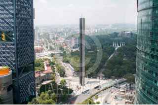 CIUDAD DE MÉXICO., 23AGOSTO2017.- Vista de la torre Bancomer, la estela de la luz y la torre Mayor, al fondo el bosque de Chapultepec durante un día poco contaminado. FOTO: DIEGO SIMÓN SÁNCHEZ /CUATOSCURO.COM
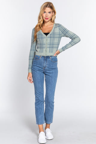 Long Sleeve V-neck Fitted Button Down Plaid Sweater Cardigan - S
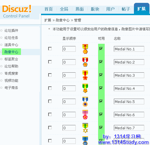 需要到“勋章中心”启用勋章后有效,位置在:论坛后台 => 扩展 => 勋章中心,设置为可用,如下图所示:
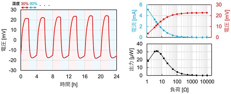 湿度を変化させたときの湿度変動電池の電圧(左)と負荷を接続した際の出力(右)
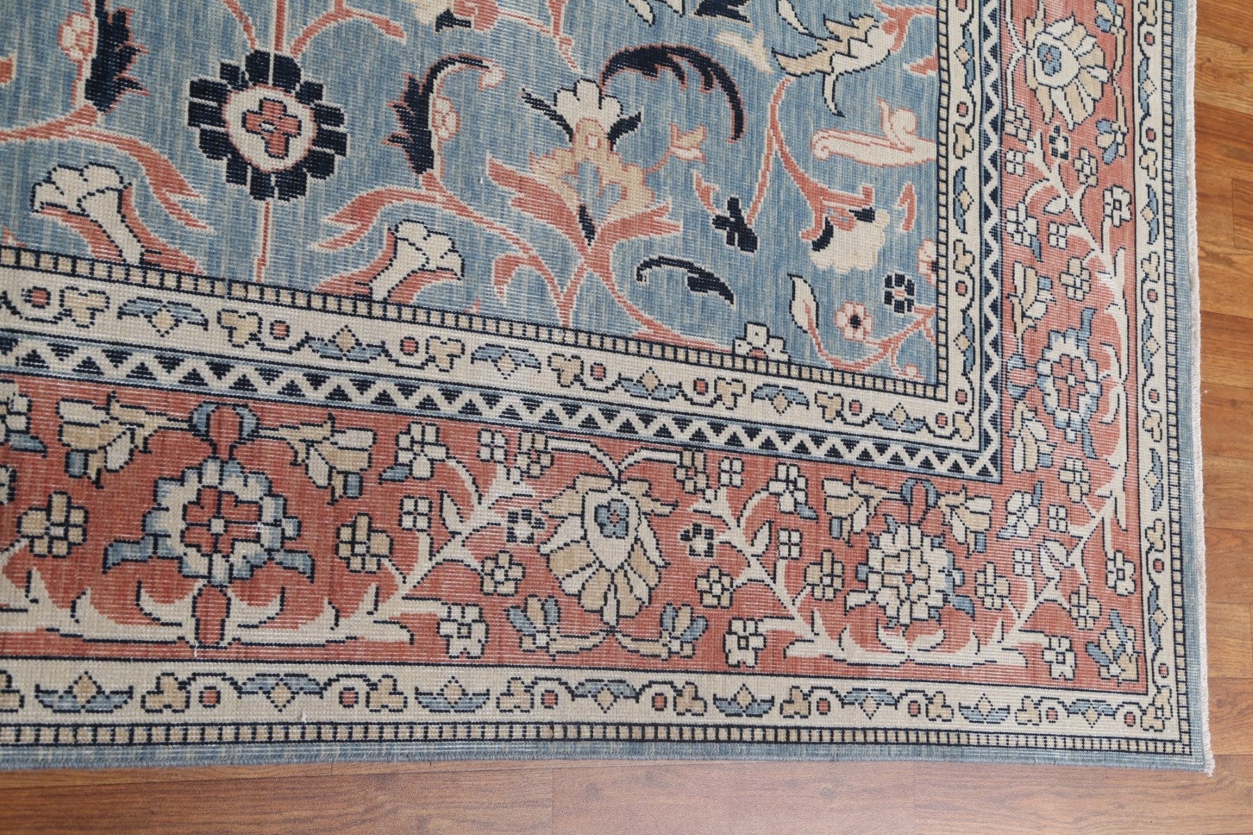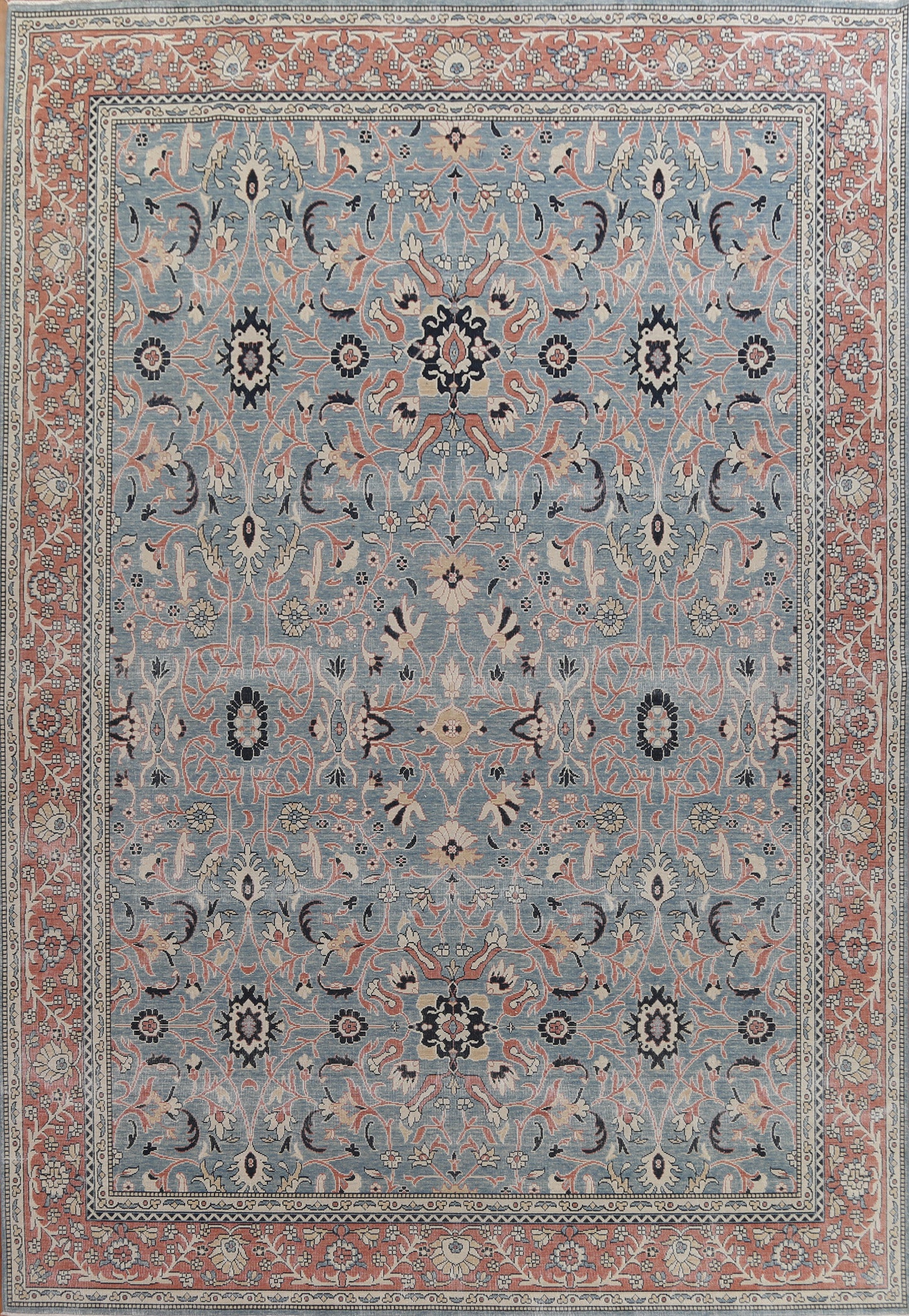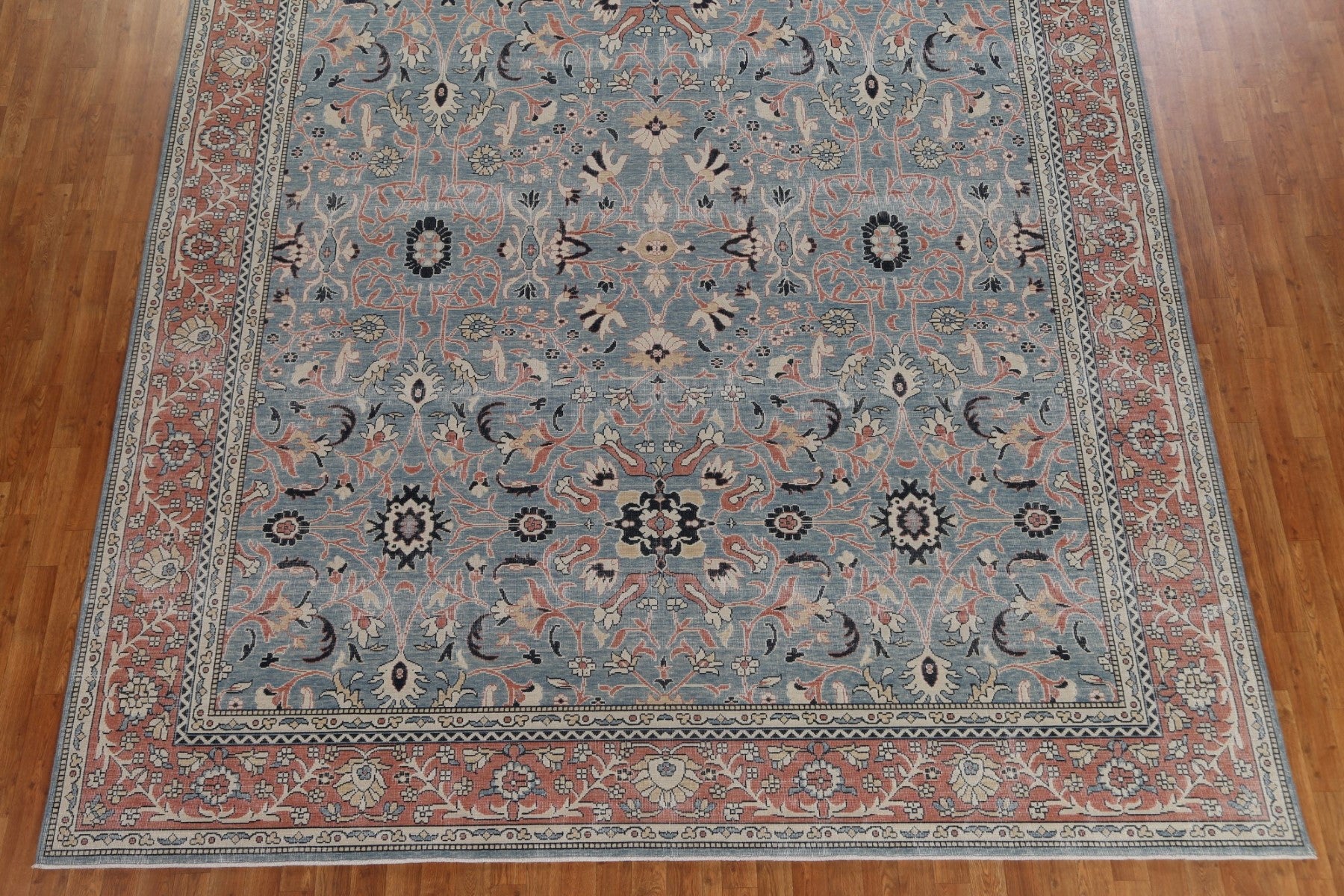 A Beautiful Genuine Turkey Sultanabad (Ziegler) rug is Hand Knotted by skillful weavers in Turkey with 100% Wool Material. This rug is in New, First Quality condition. dimensions are 13' 0'' X 9' 9'' in foot and 396 X 297 in centimeter. the primary color is Navy Blue & Blues.
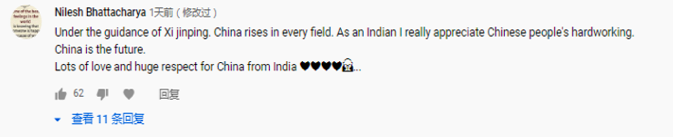 在習近平的領導下,中國在各領域都在崛起。作為一個印度人,我真心欣賞中國人的努力。中國就是未來。愛中國,尊重中國——來自一個印度網友的告白。
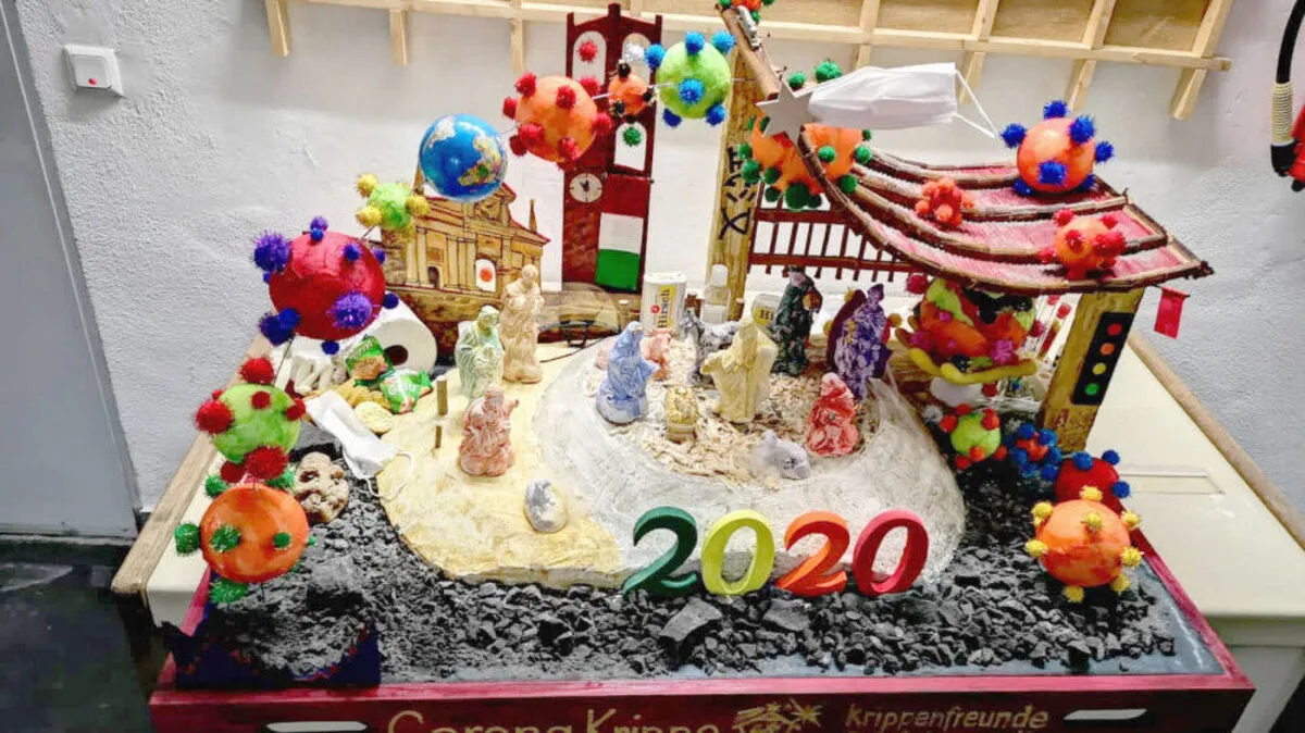 Mitglieder der Krippenfreunde Oststeiermark aus Hartberg haben eine Corona-Weihnachtskrippe gebaut. Rund um die Heilige Familie wird auf das Virus und das heurige Krisenjahr Bezug genommen. Die Krippe wird für „Licht ins Dunkel“ versteigert.
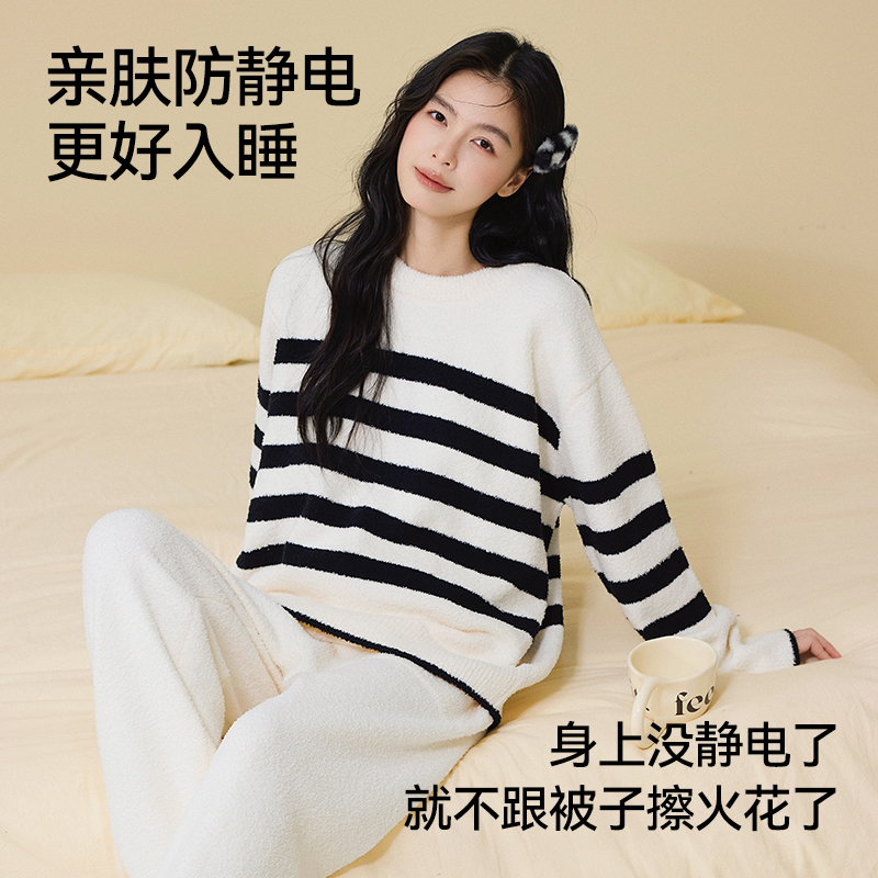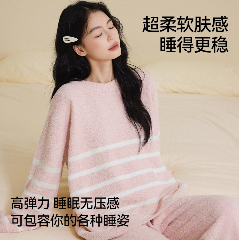 MIIOW/猫人睡裙女秋冬宽松半边绒加绒加厚款睡衣套装保暖家居服D
━━━━
§ Work request:
Without any picture, return exactly the lines of the records above from the first through the line that contains "Mitglieder der Krippenfreunde".

§ Solution:
 CIUDAD DE MÉXICO., 23AGOSTO2017.- Vista de la torre Bancomer, la estela de la luz y la torre Mayor, al fondo el bosque de Chapultepec durante un día poco contaminado. FOTO: DIEGO SIMÓN SÁNCHEZ /CUATOSCURO.COM
 Long Sleeve V-neck Fitted Button Down Plaid Sweater Cardigan - S
 需要到“勋章中心”启用勋章后有效,位置在:论坛后台 => 扩展 => 勋章中心,设置为可用,如下图所示:
 湿度を変化させたときの湿度変動電池の電圧(左)と負荷を接続した際の出力(右)
 A Beautiful Genuine Turkey Sultanabad (Ziegler) rug is Hand Knotted by skillful weavers in Turkey with 100% Wool Material. This rug is in New, First Quality condition. dimensions are 13' 0'' X 9' 9'' in foot and 396 X 297 in centimeter. the primary color is Navy Blue & Blues.
 在習近平的領導下,中國在各領域都在崛起。作為一個印度人,我真心欣賞中國人的努力。中國就是未來。愛中國,尊重中國——來自一個印度網友的告白。
 Mitglieder der Krippenfreunde Oststeiermark aus Hartberg haben eine Corona-Weihnachtskrippe gebaut. Rund um die Heilige Familie wird auf das Virus und das heurige Krisenjahr Bezug genommen. Die Krippe wird für „Licht ins Dunkel“ versteigert.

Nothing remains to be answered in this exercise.